Speculators overwhelmingly agree that the cause for such a price movement was a textbook short squeeze. A short squeeze occurs when a sharp price movement forces the liquidation of short contracts, causing each losing trade to market buy their position. As a result, these market buys further push the price upwards, causing more and more shorts to liquidate.
Either due to manipulation or natural movement, a small BTC price hike around the US$7,000 range sparked the force liquidation of thousands of losing contracts across all derivatives markets. Following numerous bull sentiments, including announced investments from the Rockefeller family and the European Union, it was clear that attitudes were shifting towards a reversal. Coupled with the fact that Bitcoin is down 70% since recent highs, the idea that there was still much money to be made shorting BTC in the immediate future now seems illogical.
A similar event occurred at the US$20,000 all-time high, when BTC longs approached record volumes, and similarly were squeezed, shooting BTC down into the three month bear trend that’s currently been experienced. A short squeeze also occurred prior to the massive bull run that kicked off last year, when shorts similarly eclipsed longs on Bitcoin.
Beyond just Bitcoin, cryptocurrencies as a whole have benefited largely from today’s jump. 40 of the top 100 coins by market cap have seen gains of 10% or more in the past 24 hours, led by Steem with a 35% growth, Bitcoin Private with 41%, and Mithril seeing a whopping appreciation of 165% in the past day. Given the increasingly positive perceptions and activities of cryptocurrency across the board, its very plausible that this growth can be maintained and even extended in the coming days and weeks.
Also to be recognized is the suggestion that the extended bear market has shaken out those simply looking to turn a quick profit.

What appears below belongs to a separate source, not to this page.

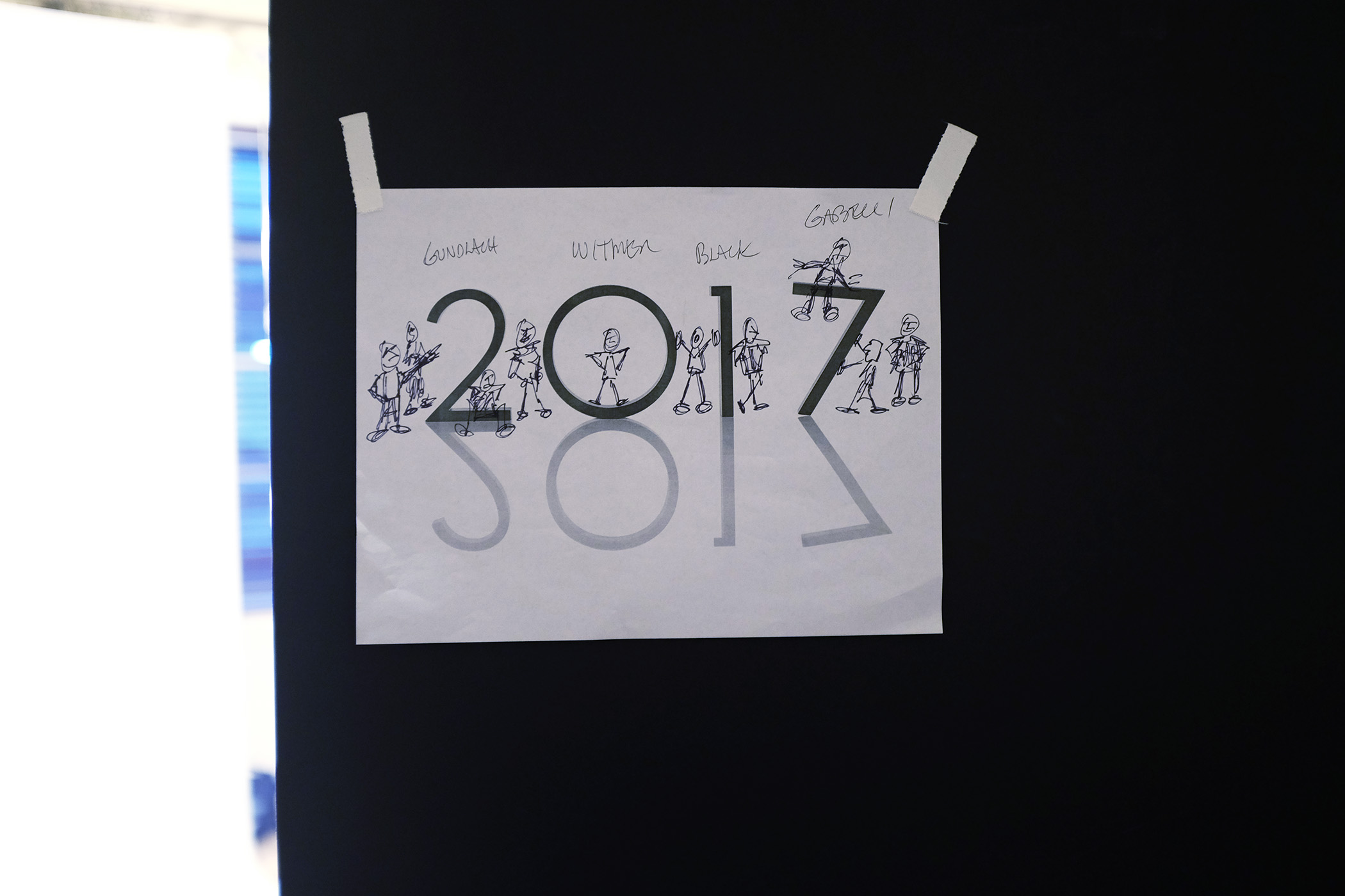 I had a couple of 2017 ‘cheats’ taped to the gobos on our main set to help me keep track of where to place people…

Many of the new money to enter cryptocurrency during the holidays consisted of a general population ignorant of the underlying technology and motivations of cryptocurrency. When the next, extended bull run takes place, those who initially support it will consist largely of those who recognize the importance of Bitcoin and cryptocurrencies as a whole and the potential to revolutionize the world for the better. With overarching, dedicated support, there is a better chance for such movements to be sustained for as long as possible.